12(i). In fact, in my opinion, the respondents are also justified in arguing
that the petitioner at no point of time after the payment of actuarial
allowance was stopped after October 2010 ever wrote any letter objecting or
complaining to the respondent no.2 that the action of the respondent no.2 is
illegal. On the contrary, the petitioner himself vide his letter dated
21.2.2012 told the respondent no.2 that the excess amount paid on account
of actuarial allowance to the petitioner towards actuarial allowance during
his tenure in IRDA can be recovered from his Provident Fund balances.
(ii) Though the petitioner claims that this letter was written under duress,
however, there is nothing before me to substantiate that there was any duress
on the petitioner especially because the petitioner is an extremely educated
person, and therefore he would have written this letter knowing that he was
in the first place not at all entitled to the actuarial allowance of Rs.65,000/-
per month. The petitioner therefore accepted the fact that he was not entitled
to the actuarial allowance of Rs.65,000/- per month which was illegal in
nature as it was not permissible under the statutory provisions relating to the
petitioner or even the contractual terms of appointment of the petitioner.

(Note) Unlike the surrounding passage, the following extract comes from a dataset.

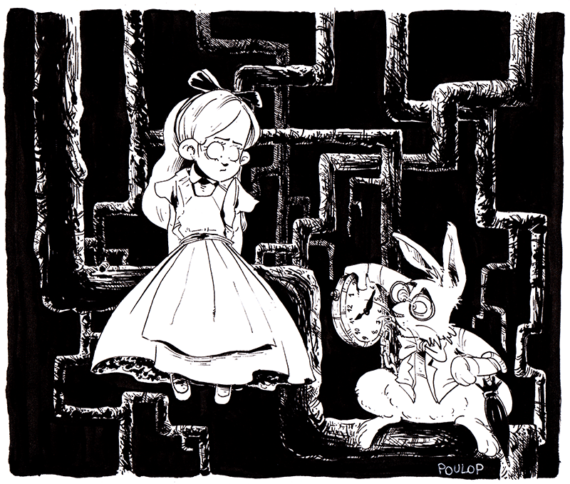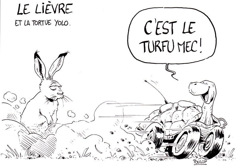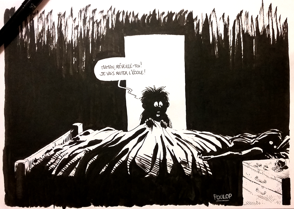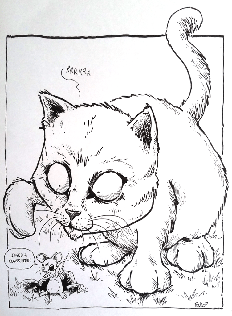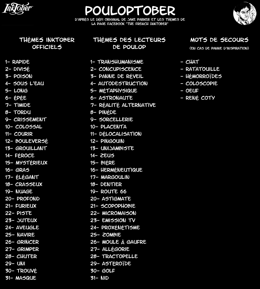 Ici, nous participons également. Aux thèmes officiels, j’ajoute les thèmes que mes lecteurs à l’esprit toujours aussi peu sain m’ont gentiment proposés sur ma page Facebook. Ce qui fait un dessin par jour devant condenser deux thèmes à chaque fois. En voici la liste.

The petitioner therefore now cannot walk away from his letter dated
21.2.2012.
13. I may state that the counsel for the petitioner did seek to place reliance
upon Section 7 of the Act which states that the salaries and allowances of a
member of IRDA will not be varied to his disadvantage after appointment,
however, the provision of Section 7 of the Act has necessarily to be read
with respect to what are the legal payments and legal entitlements under the
2000 Rules and only which payment cannot be varied to his disadvantage
after appointment. The provision of Section 7 of the Act surely can in no
way be said to extend to illegal payments which are not covered under the
said Act or 2000 Rules.
14. In view of the above, I do not find any merit in this petition and the
same is therefore dismissed. No costs.